No offer. And, no acceptance.

September 15, 2020

A dispute about an allegedly malfunctioning power generator led to an ingenious but flawed attempt to resolve it in Imperial Indus. Supply Co. v.. Thomas, in two steps:

  1. “[Thomas] began by sending Imperial a document titled “ConditionalAcceptance for the Value/For Proof of Claim/Agreement” (“Alleged Agreement”) which purported to be a “binding self-executing irrevocable contractual agreement” evidencing Thomas’s acceptance of Imperial’s offer. , , , The Alleged Agreement further provided that Imperial would need to propound fifteen different “Proofs of Claim” to Thomas in order to avoid (1) breaching the Alleged Agreement; (2) admitting, by “tacit acquiescence,” that the generator caused the fire; and (3) participating in arbitration proceedings.”
  2. “Then, Thomas sent Imperial two notices related to the Alleged Agreement. The first notice purported that Imperial breached the Alleged Agreement by failing to provide the proofs of claim. This notice allowed Imperial to cure the alleged breach by providing the proofs of claim within three days. In addition, the notice stated that Imperial’s refusal to follow the curing mechanism would result in Imperial’s admission and confessed judgment to the alleged breach. The second notice stated that Imperial owed the balance for the “entire contract value”1 because it did not cure the breach.”

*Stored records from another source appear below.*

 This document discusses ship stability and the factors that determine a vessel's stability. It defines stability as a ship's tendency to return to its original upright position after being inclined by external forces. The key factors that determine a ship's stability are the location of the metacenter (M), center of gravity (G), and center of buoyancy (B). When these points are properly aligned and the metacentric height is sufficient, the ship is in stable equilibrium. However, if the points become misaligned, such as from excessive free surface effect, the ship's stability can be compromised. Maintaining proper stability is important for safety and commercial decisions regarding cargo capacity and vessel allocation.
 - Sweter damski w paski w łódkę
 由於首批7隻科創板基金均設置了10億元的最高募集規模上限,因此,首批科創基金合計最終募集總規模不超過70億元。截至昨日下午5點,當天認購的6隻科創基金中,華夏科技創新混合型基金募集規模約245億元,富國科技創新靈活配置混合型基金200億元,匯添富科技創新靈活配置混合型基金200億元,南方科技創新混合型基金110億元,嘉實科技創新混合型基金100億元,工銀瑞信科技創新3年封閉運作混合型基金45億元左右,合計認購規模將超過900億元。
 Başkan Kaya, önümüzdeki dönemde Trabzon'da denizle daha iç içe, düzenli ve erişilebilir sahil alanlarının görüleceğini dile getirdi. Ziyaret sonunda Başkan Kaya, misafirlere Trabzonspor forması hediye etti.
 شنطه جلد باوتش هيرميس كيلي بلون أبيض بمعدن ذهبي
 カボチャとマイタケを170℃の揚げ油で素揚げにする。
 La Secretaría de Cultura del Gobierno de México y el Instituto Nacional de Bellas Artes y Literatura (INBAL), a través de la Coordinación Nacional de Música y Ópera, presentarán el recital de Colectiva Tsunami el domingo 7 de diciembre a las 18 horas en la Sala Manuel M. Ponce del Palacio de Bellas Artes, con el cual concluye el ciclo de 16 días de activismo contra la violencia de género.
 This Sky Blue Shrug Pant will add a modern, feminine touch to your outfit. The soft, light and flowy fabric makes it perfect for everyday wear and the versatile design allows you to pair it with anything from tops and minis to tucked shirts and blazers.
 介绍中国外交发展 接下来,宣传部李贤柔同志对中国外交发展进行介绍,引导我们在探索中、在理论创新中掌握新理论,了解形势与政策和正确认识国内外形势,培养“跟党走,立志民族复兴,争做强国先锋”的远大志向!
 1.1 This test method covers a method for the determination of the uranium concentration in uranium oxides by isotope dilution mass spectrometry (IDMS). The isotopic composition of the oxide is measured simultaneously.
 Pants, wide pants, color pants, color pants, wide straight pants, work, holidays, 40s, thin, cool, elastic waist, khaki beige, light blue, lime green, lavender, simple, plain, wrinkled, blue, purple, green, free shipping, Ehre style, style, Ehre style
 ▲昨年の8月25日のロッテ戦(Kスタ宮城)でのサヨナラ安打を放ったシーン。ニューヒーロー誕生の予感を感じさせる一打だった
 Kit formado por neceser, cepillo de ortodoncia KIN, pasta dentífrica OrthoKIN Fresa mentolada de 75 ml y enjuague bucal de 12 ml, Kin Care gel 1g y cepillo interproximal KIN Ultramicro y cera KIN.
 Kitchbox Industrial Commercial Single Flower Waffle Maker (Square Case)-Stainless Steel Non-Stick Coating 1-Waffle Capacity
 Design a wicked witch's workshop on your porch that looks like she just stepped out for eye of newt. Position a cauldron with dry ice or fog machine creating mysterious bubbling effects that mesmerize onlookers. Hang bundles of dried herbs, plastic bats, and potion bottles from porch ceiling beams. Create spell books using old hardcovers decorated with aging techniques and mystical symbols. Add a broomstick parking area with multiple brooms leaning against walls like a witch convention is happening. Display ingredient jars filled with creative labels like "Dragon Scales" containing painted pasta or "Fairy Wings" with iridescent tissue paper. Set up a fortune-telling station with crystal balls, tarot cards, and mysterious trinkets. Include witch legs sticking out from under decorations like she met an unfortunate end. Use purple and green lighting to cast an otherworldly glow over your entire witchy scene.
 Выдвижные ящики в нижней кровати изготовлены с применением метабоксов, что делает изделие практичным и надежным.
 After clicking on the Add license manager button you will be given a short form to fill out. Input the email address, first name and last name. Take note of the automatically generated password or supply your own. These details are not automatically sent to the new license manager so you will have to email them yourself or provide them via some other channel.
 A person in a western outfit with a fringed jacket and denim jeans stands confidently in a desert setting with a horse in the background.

Thomas than obtained a favorable arbitration award against Imperial. Unimpressed, the Fifth Circuit affirmed the district court’s order that vacated the award, noting: “If Thomas’s argument was valid, it would turn the notion of mutual assent on its head in ordinary purchase cases like this one: buy an item from a dealer or manufacturer, then mail a letter saying “you agree if you don’t object,” and you can have whatever deal you want if the dealer/manufacturer doesn’t respond. Thomas fails to cite a single case that would support such a ridiculous notion.” No. 20-60121 (Sept. 2, 2020).